2017-01-21 08:00:00

Usa. Trump giura da Presidente: "L'America prima di tutto"


Donald Trump ha giurato ieri a Washington come 45.mo Presidente degli Stati Uniti. Nel suo discorso ha affermato con forza: "L'America prima di tutto". Oggi - ha aggiunto - il "potere torna al popolo". Poi le due linee guida: "Comprate americano, assumete americani". Come primo atto presidenziale ha firmato un decreto che taglia i costi della Riforma sanitaria di Obama, la cosiddetta 'Obamacare'. Ieri non sono mancate le proteste con manifestazioni che a volte sono degenerate in scontri con la polizia: oltre 200 gli arresti. Massimiliano Menichetti ha intervistato Paolo Mastrolilli, corrispondente dagli Stati Uniti per il quotidiano La Stampa:

R. – Il Presidente Trump ha fatto un discorso in linea con ciò che diceva durante la campagna elettorale. Molti si aspettavano che sarebbe cambiato una volta alla Casa Bianca, invece ha dimostrato che quelle erano effettivamente le sue idee, le idee con cui intende governare gli Stati Uniti. In sostanza ha detto che il suo progetto è quello di rifare grande l’America, rilanciando l’economia, restituendo il governo al popolo e anche sul piano internazionale mettendo l’interesse dell’America al primo posto, “America first”. E’ convinto che con questa strategia riesca a rilanciare l’America, a farle avere successo, tanto dal punto di vista economico, quanto dal punto di vista della presenza sulla scena internazionale. Quindi in questa maniera pensa forse di unificare il Paese, nel senso che avendo successo poi anche le persone che non l’hanno votato si convinceranno a seguire la sua leadership.

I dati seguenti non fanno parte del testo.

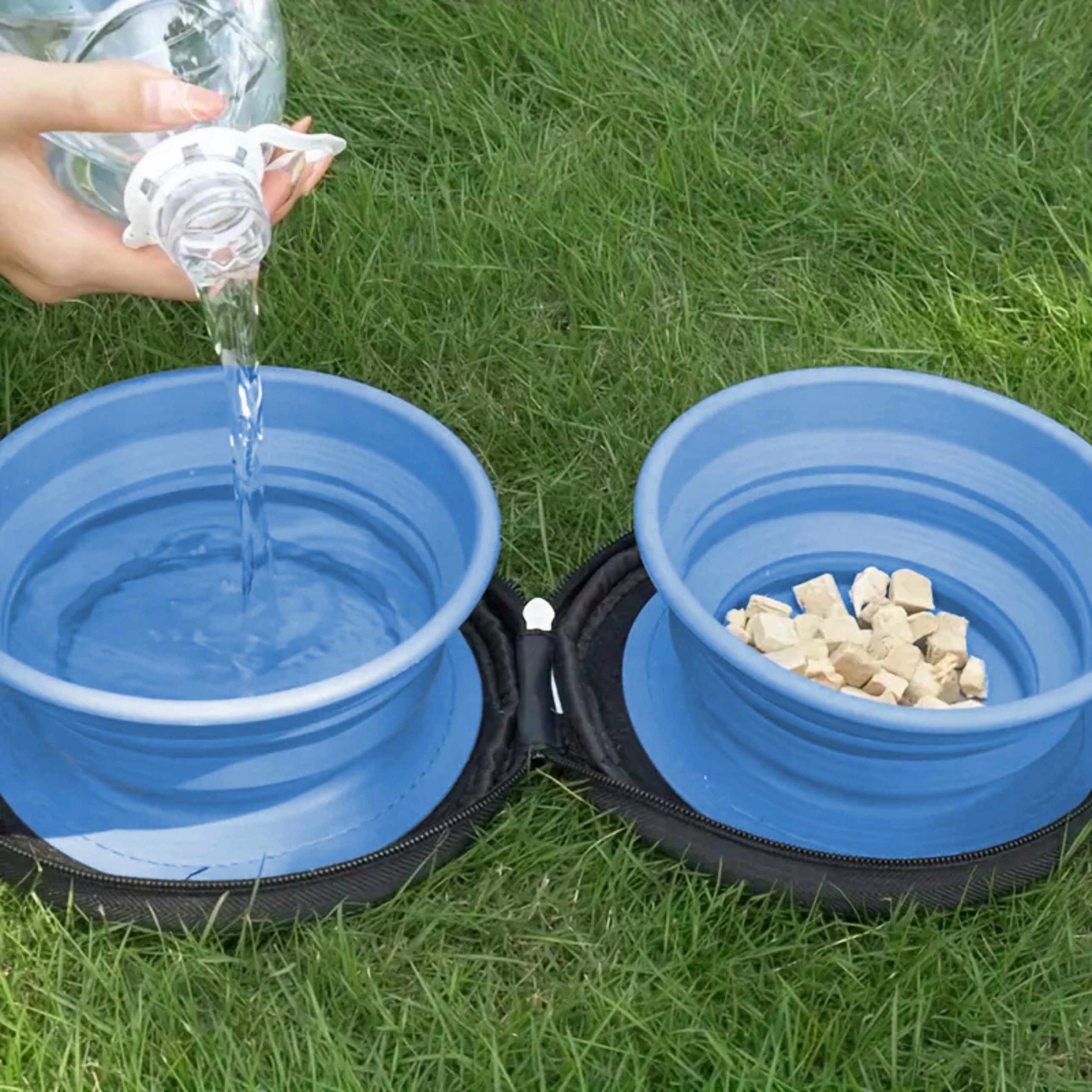 МИСКА ДВІЙНА ДЛЯ СОБАК, СКЛАДНА СИЛІКОНОВА, ТУРИСТИЧНА ПОДОРОЖКА 2х0,7л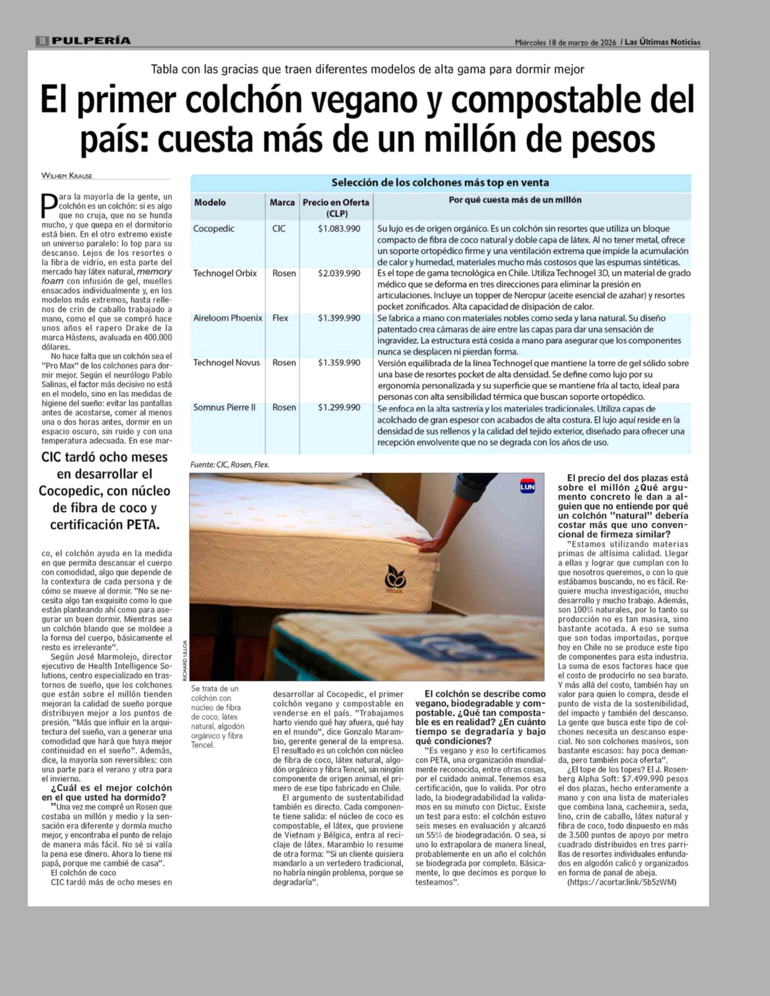 El primer colchón vegano y compostable del país: cuesta más de un millón de pesos 18-03-2026 Las Últimas Noticias |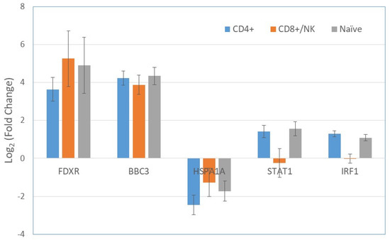 Fold changes of gene expression in selected genes after radiation exposure in the 3 clusters of CD4+, CD8+/NK, and naïve cells. FDXR and BBC3 were upregulated by radiation, whereas HSPA1A was downregulated, in all three groups. The upregulation of STAT1 and IRF1 was found in CD4+ and naïve cells, but not in CD8+/NK cells. Bars represent the standard error of the mean.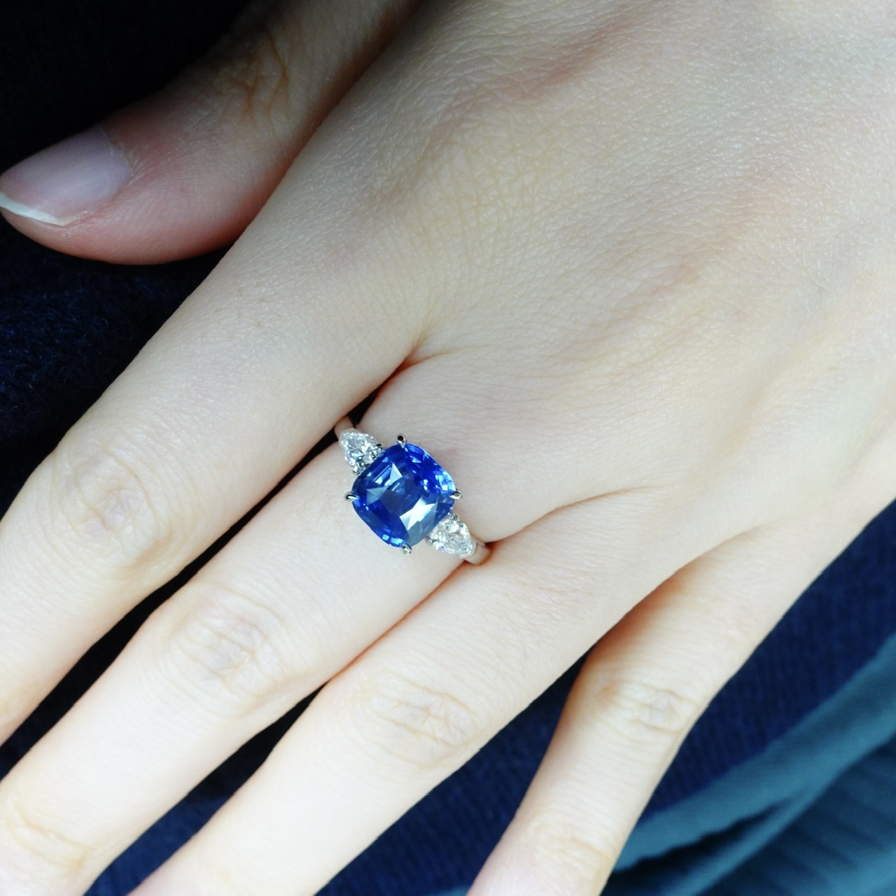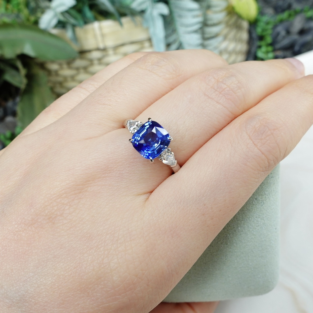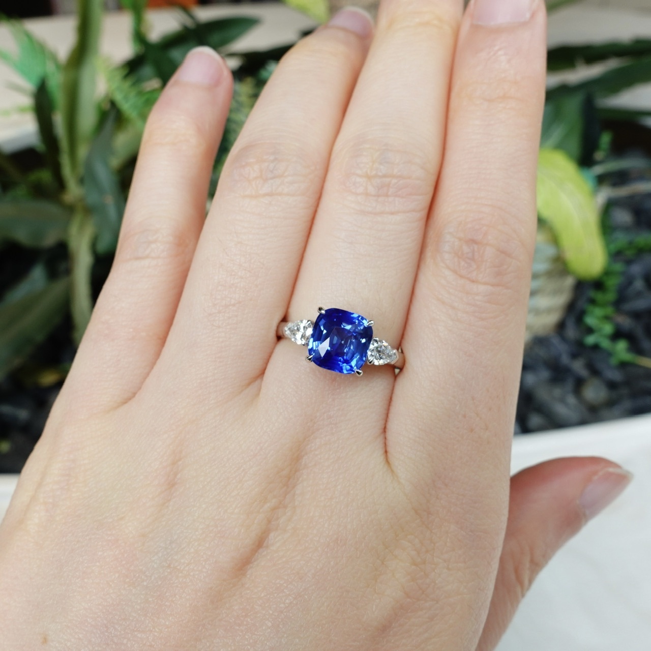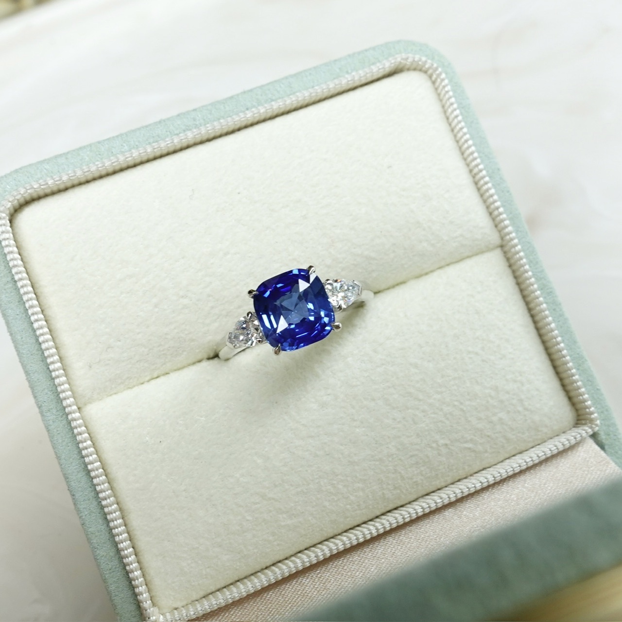 主石3.1ct的墊形切割矢車菊藍寶石,色澤純正明亮,晶體透亮,淨度突出。經典三石款設計,於主石兩旁鑲嵌梨形鑽石,款式歷久彌新。佩戴上手,氣質滿滿。

D. – Tante le proteste nella giornata di insediamento. Si vede ancora la spaccatura che c’era durante la campagna elettorale…

R. – La spaccatura è rimasta, gli Stati Uniti sono un Paese diviso e chiaramente l’elezione di Trump, almeno al momento, non è riuscita a curare questa divisione che però è precedente a lui, e che va avanti da circa 20 anni. Trump è un Presidente di minoranza, lo hanno votato poco più di 60 milioni di americani, certamente meno della metà degli aventi diritto. E in più ha anche perso il voto popolare rispetto a Hillary Clinton, con tre milioni di consensi in meno. Quindi è in una posizione veramente difficile. I sondaggi dicono che la sua popolarità è al 40%, quindi è abbastanza bassa. E da qui deve cercare di partire per riconquistare tutta quanta questa fetta di americani che non lo hanno votato e non accettano addirittura la sua elezione. Trump per avere successo deve diventare il Presidente di tutti gli americani, non può restare solo il Presidente di coloro che lo hanno votato.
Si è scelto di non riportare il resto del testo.